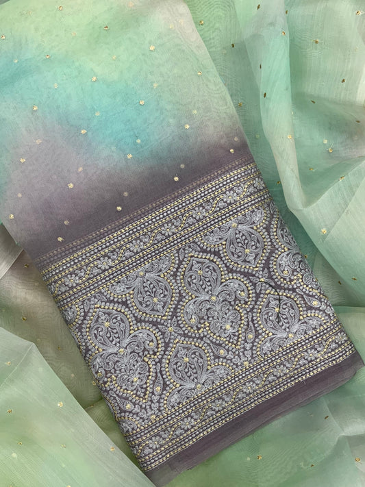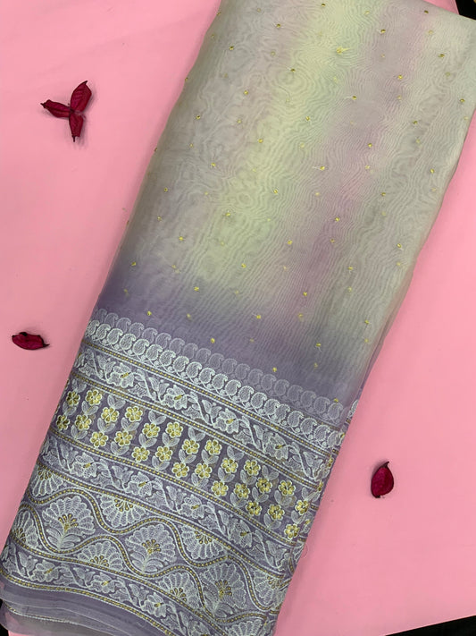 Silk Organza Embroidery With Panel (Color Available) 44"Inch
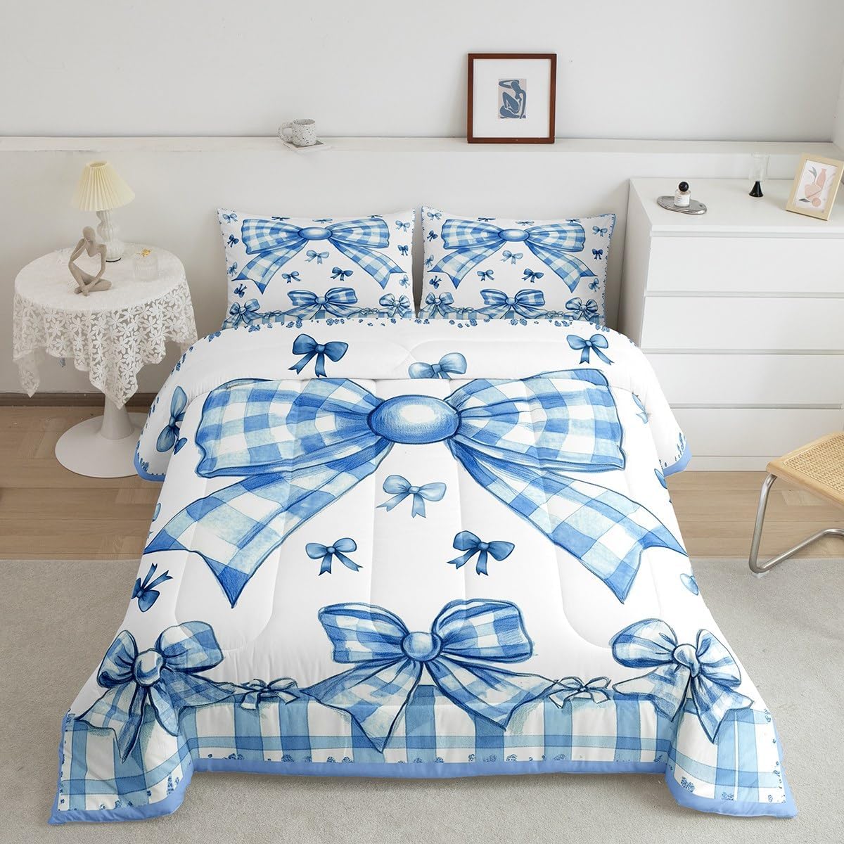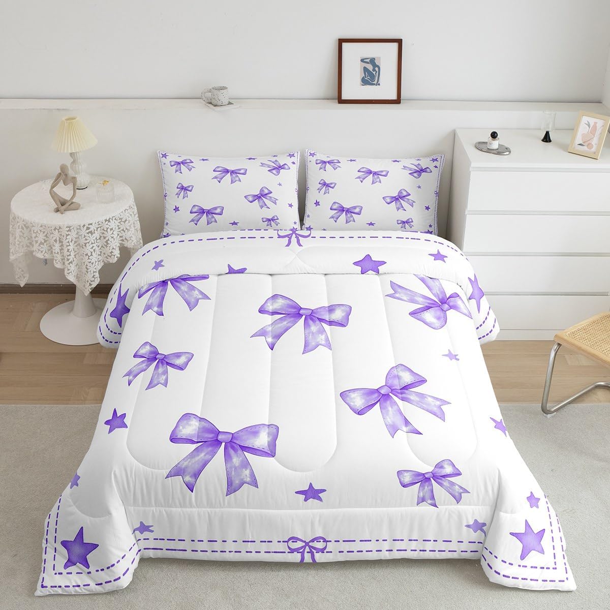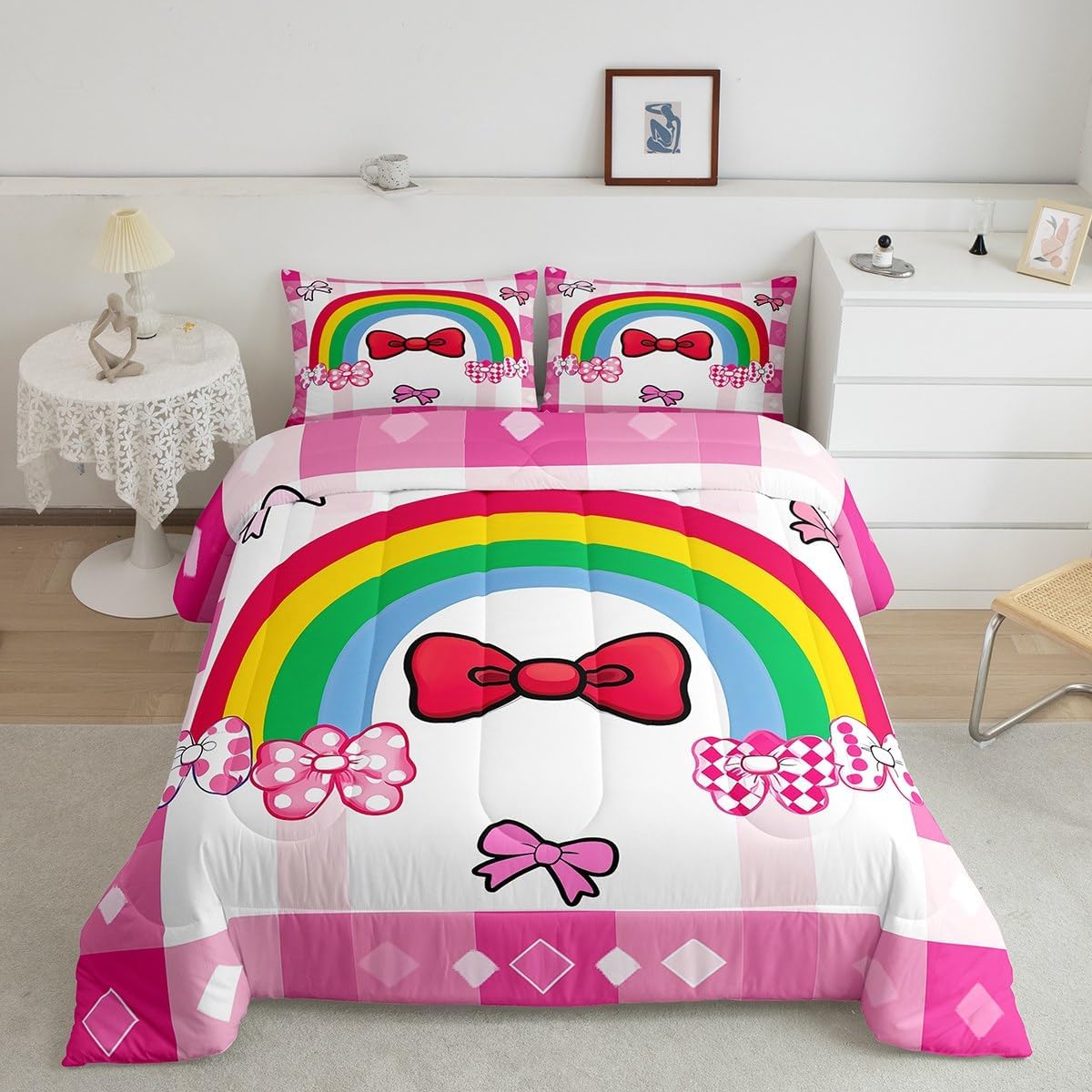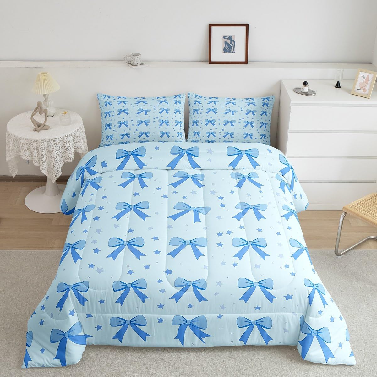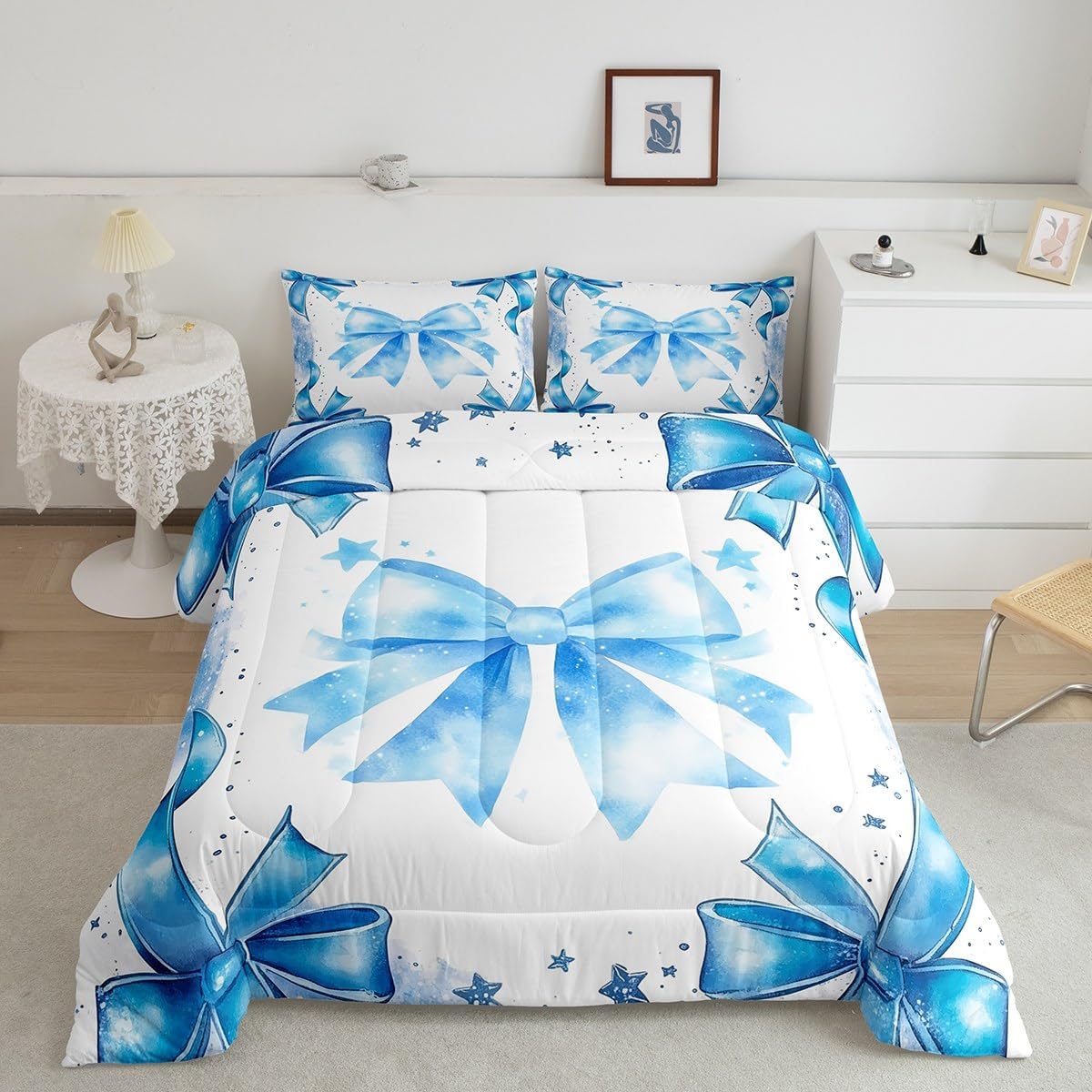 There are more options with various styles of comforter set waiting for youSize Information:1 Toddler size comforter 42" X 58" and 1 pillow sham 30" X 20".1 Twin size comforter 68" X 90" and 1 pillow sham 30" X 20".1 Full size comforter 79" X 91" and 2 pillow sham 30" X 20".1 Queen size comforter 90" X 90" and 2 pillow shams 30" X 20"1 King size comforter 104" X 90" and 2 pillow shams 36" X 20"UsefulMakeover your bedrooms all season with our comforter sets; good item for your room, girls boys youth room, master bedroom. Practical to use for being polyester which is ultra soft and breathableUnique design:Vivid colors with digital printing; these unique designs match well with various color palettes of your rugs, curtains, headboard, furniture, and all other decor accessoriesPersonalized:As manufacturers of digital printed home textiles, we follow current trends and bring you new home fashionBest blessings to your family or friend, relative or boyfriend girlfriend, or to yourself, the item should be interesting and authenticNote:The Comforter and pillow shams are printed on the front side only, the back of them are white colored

########################################

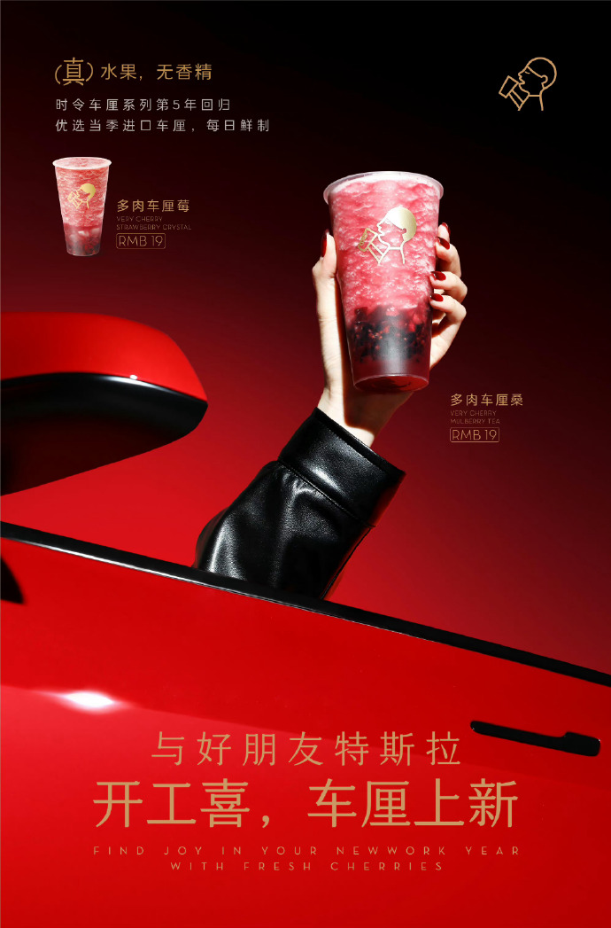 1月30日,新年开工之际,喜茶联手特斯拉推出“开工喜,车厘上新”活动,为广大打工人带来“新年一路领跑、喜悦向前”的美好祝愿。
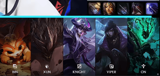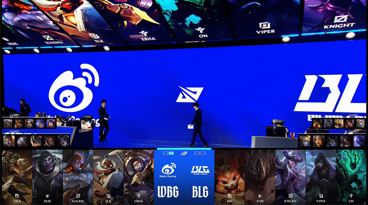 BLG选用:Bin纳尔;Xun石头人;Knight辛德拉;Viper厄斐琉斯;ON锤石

########################################

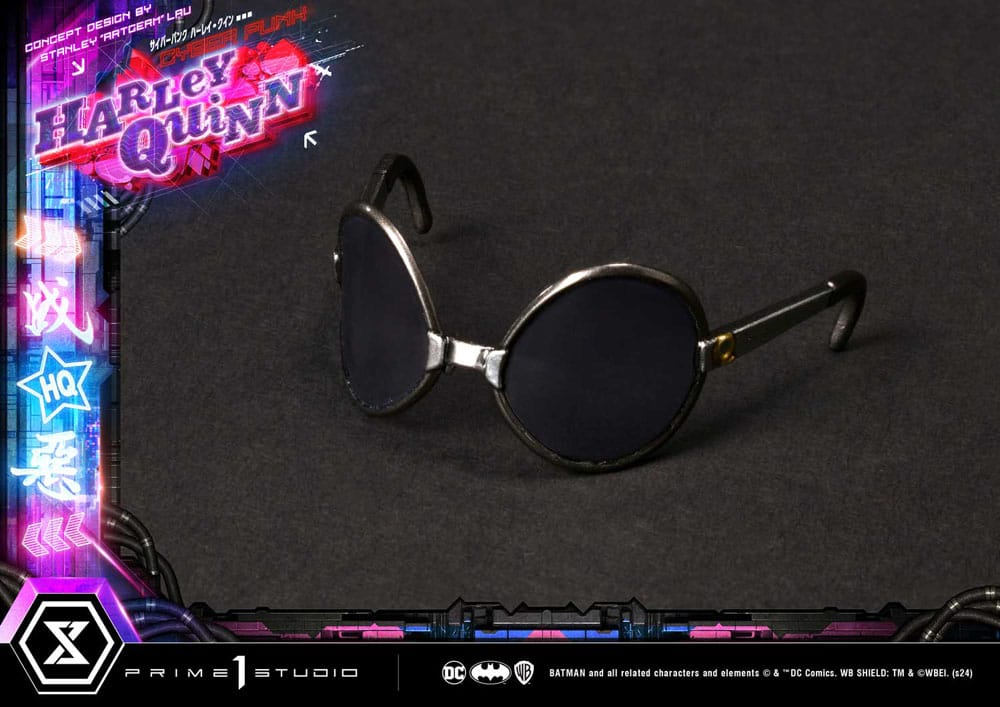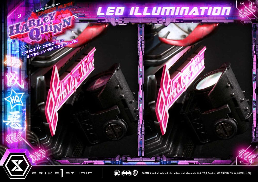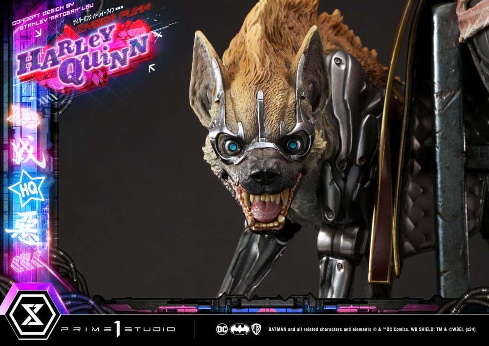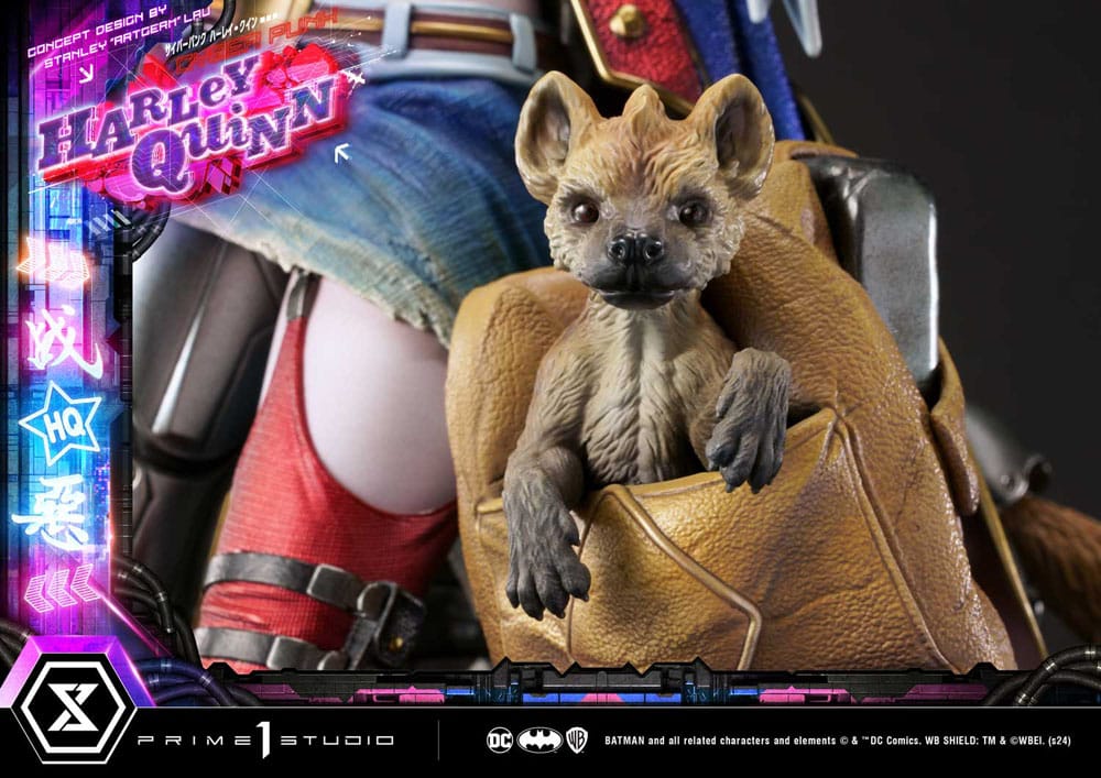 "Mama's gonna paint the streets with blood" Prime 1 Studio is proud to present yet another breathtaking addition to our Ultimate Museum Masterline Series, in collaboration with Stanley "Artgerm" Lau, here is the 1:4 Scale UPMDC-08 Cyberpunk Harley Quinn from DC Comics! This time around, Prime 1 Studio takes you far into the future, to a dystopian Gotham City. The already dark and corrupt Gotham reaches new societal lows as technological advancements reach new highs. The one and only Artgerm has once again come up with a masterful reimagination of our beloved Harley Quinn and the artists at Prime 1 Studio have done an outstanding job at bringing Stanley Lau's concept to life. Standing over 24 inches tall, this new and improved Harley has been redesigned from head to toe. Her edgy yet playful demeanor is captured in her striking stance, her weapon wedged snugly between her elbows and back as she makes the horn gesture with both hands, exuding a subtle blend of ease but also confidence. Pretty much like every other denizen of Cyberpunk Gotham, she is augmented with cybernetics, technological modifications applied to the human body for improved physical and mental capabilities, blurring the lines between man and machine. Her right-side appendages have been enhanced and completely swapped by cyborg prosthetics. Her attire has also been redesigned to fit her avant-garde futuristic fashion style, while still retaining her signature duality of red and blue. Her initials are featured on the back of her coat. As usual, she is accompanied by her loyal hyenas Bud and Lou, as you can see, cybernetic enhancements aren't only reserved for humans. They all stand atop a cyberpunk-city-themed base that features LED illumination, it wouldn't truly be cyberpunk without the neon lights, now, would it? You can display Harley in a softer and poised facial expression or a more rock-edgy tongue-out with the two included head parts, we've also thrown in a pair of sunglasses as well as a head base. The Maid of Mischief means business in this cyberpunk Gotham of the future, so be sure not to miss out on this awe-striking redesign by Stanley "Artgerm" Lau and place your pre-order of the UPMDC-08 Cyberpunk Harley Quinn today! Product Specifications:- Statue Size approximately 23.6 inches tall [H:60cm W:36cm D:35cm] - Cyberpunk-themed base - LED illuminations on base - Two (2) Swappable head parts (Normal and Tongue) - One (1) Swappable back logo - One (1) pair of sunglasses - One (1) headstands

########################################

* _ACTIVITY_
Reproduce word for word, with pictures dropped, only the part of the material above that opens with the line containing "Silk Organza Embroidery" and closes with the line containing "There are more".

* _RESULT_
 Silk Organza Embroidery With Panel (Color Available) 44"Inch
 There are more options with various styles of comforter set waiting for youSize Information:1 Toddler size comforter 42" X 58" and 1 pillow sham 30" X 20".1 Twin size comforter 68" X 90" and 1 pillow sham 30" X 20".1 Full size comforter 79" X 91" and 2 pillow sham 30" X 20".1 Queen size comforter 90" X 90" and 2 pillow shams 30" X 20"1 King size comforter 104" X 90" and 2 pillow shams 36" X 20"UsefulMakeover your bedrooms all season with our comforter sets; good item for your room, girls boys youth room, master bedroom. Practical to use for being polyester which is ultra soft and breathableUnique design:Vivid colors with digital printing; these unique designs match well with various color palettes of your rugs, curtains, headboard, furniture, and all other decor accessoriesPersonalized:As manufacturers of digital printed home textiles, we follow current trends and bring you new home fashionBest blessings to your family or friend, relative or boyfriend girlfriend, or to yourself, the item should be interesting and authenticNote:The Comforter and pillow shams are printed on the front side only, the back of them are white colored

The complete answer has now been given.